■ **Exercise requirements**:
Range to copy from the entries below: the line containing "Hal ini ditegaskan" through the line containing "SPX: the fourth", inclusive. Retype only those lines, exactly, without any images.

■ **Records provided**:
===

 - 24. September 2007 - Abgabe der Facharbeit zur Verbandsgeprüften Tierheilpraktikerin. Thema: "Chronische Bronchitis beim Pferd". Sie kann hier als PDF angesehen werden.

===

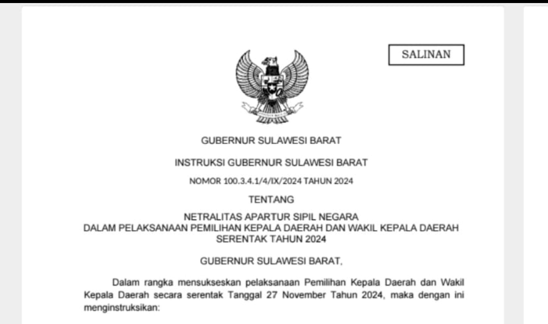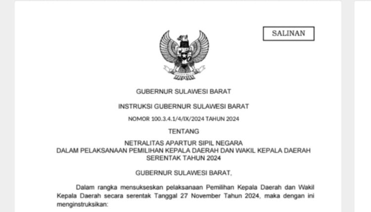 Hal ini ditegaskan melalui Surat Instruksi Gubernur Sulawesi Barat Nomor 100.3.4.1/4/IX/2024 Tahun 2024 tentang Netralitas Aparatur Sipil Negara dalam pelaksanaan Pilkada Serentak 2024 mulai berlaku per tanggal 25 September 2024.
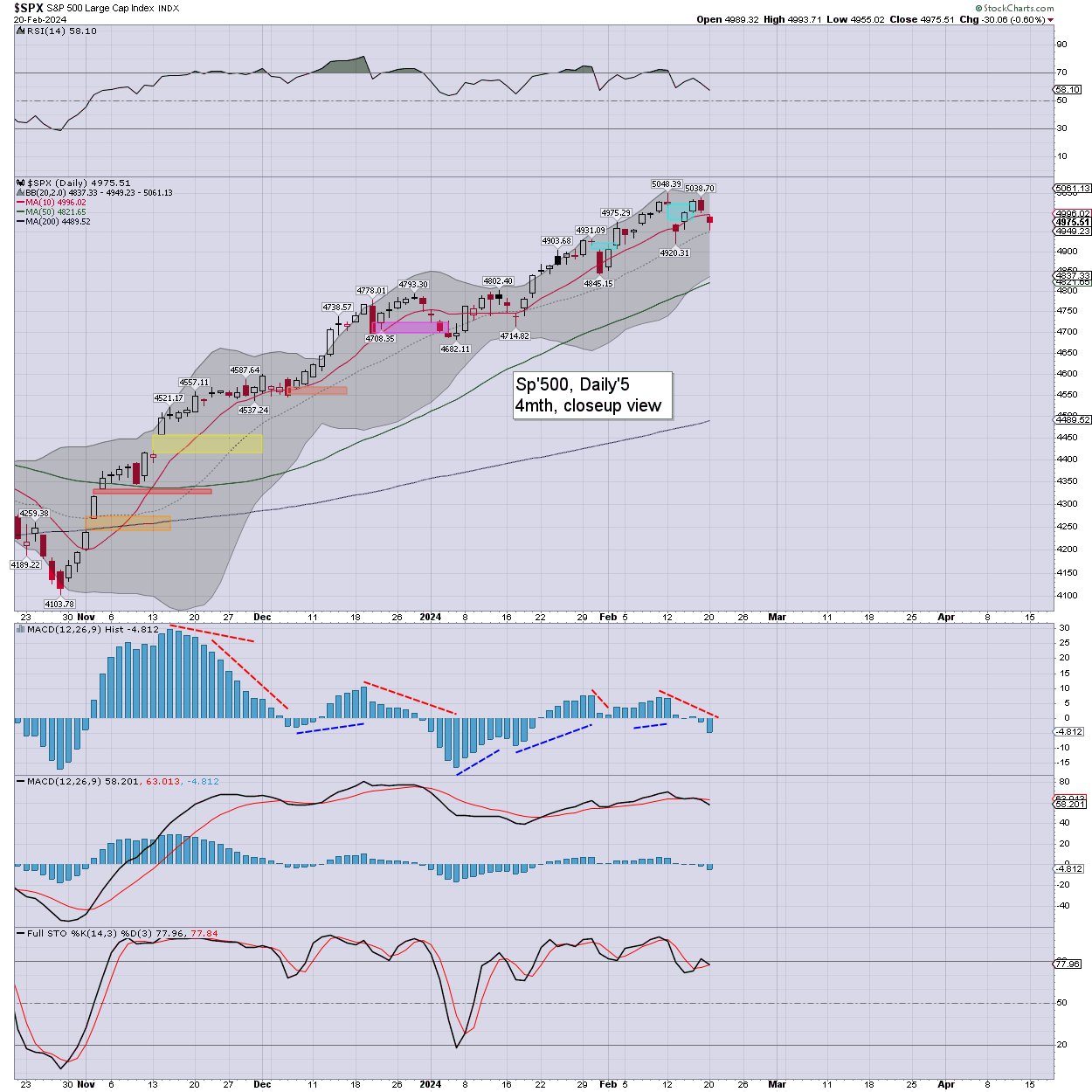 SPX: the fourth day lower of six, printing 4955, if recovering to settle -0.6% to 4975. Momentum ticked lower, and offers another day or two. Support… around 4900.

===

■ **Expected output**:
 Hal ini ditegaskan melalui Surat Instruksi Gubernur Sulawesi Barat Nomor 100.3.4.1/4/IX/2024 Tahun 2024 tentang Netralitas Aparatur Sipil Negara dalam pelaksanaan Pilkada Serentak 2024 mulai berlaku per tanggal 25 September 2024.
 SPX: the fourth day lower of six, printing 4955, if recovering to settle -0.6% to 4975. Momentum ticked lower, and offers another day or two. Support… around 4900.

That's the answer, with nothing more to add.